Das Musical "Auf Leben und Tod" war gut gespielt, aber der Inhalt ließ zu wünschen übrig.

Geradezu überwältigend war der Andrang zu dem Musical "Auf Leben und Tod - Bist Du bereit für die Wahrheit?", das von der "Emmanuel School of Mission" (ESM), Altötting, im Kursaal gegeben wurde. Pfarrer Michael Kubatko freute sich über den großen Andrang und wünschte ein offenes Herz für die christliche Botschaft, die die ESM verbreitete. Zahlreiche junge Menschen aus neun Nationen hatten das Stück einstudiert und gaben auf der Bühne ihr Bestes. Die Lichteffekte waren raffiniert, die Lieder wurden gekonnt in Szene gesetzt. Einzig die Botschaft, die mit dem Stück herübergebracht werden sollte, war flach, mit Stereotypen durchsetzt und kümmerte sich wenig um historische Hintergründe und Entwicklungen.

Im Sündenpfuhl der Großstadt

Im Zentrum des Musicals steht das Leben des Heiligen Augustinus von Hippo, der von Clemens van Lier aus den Niederlanden gespielt wurde. Zu Beginn erhält Augustinus die Chance, in Karthago die von ihm geliebte Philosophie zu studieren. "Alles erklären zu können ist es, was mich fasziniert", so sein Credo in dieser Phase des Lebens.
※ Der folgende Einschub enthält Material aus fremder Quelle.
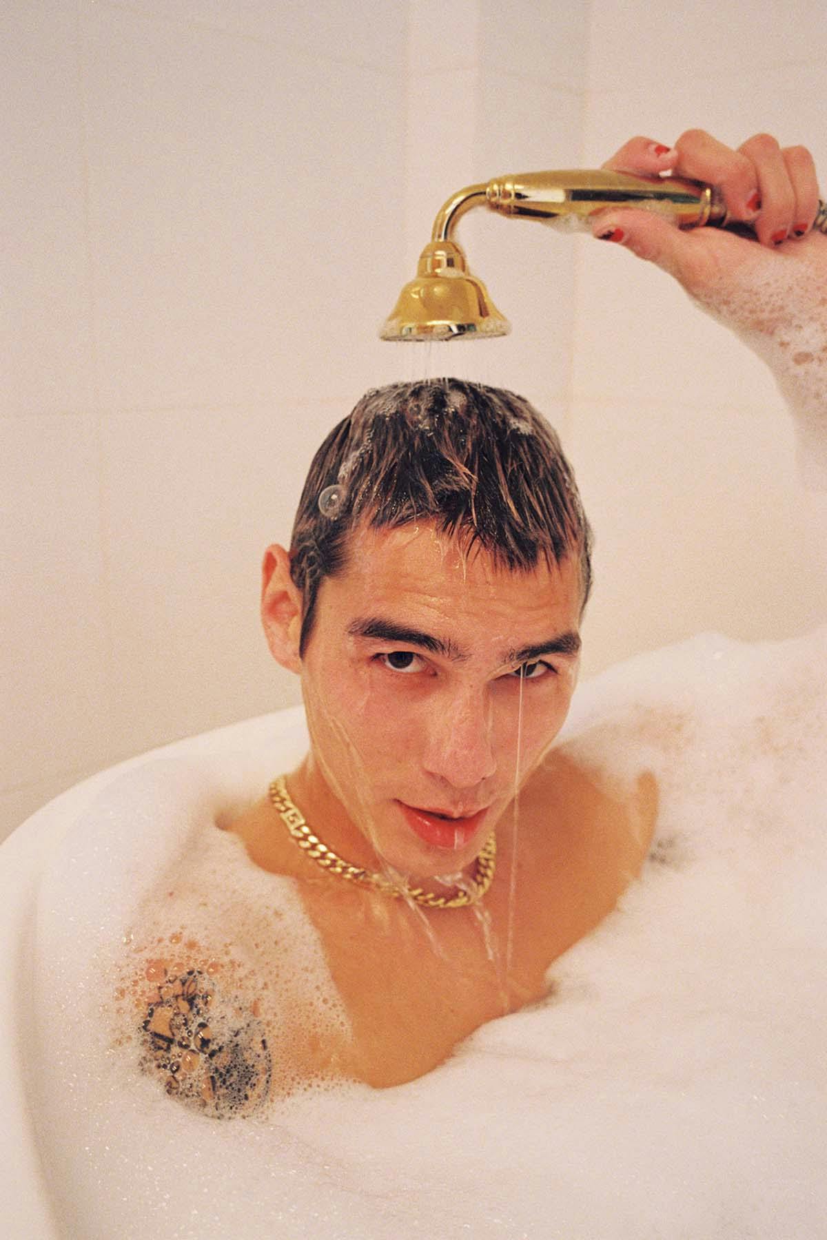 Kicking things off at The Line LA, the artist wakes up, hops in the bath and is ready for a wholesome morning…at the club? No matter the time of day, he’s fit for the occasion. Dawning one of the collection’s most distinguished pieces—an adapted print from the Fendi archives—Mock is sure to make a lasting impression.

Seine Mutter, die heilige Monika, die von Alzbeta Brodnanova gegeben wurde, setzt sich für die Taufe ihres Sohnes ein, der jedoch ablehnt. In Karthago lernt er die Verlockungen der Stadt wie Gladiatorenspiele und die freie Liebe kennen. Auch mit Wahrsagern kommt er in Berührung, die philosophische Schrift "Hortensius" von Marcus Tullius Cicero fasziniert ihn sehr. Die Heirat lehnt er in dieser Phase seines Lebens ab - dafür fühlt er sich noch nicht bereit.
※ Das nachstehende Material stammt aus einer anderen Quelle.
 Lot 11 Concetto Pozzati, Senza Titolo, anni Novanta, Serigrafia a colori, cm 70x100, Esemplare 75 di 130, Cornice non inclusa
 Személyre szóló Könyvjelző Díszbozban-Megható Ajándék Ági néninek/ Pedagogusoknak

In Karthago tritt Augustinus dann zum Manichäismus über - im Stück wird diese Religion als pervertiert dargestellt - angeblich lautet ihr Credo, dass das Böse die Welt erschaffen hat. Ebenso gegeißelt wird die Philosophie, die - im Gegensatz zur Religion - immer unvollkommen sei. Im Angesicht des Todes - ein Freund von Augustinus liegt im Sterben - kommt ihm die Einsicht, dass Wissen nicht alles ist. Er flieht nach Rom, wo er von den Lehren der skeptischen Philosophen verwirrt wird. Ein Epikureer, der sich scheinbar willenlos den Sinnenfreunden hingibt, stößt ihn ab. Auch in der Stadt, in die alle Wege führen, wird er mit dem Tod konfrontiert.

Mailand bringt die Wende

Erst in Mailand begegnet Augustinus Ambrosius, nimmt Abstand von den Manichäern und lässt sich schließlich taufen. Als der Protagonist Katechumene (Taufbewerber) ist, kommt es zur Versöhnung mit der Mutter, die Stimme aus dem Off teilt noch mit, dass Augustinus getauft wird und erwähnt wichtige Stationen aus seinem Leben. Das Publikum war von der Darbietung begeistert und spendete langen Applaus.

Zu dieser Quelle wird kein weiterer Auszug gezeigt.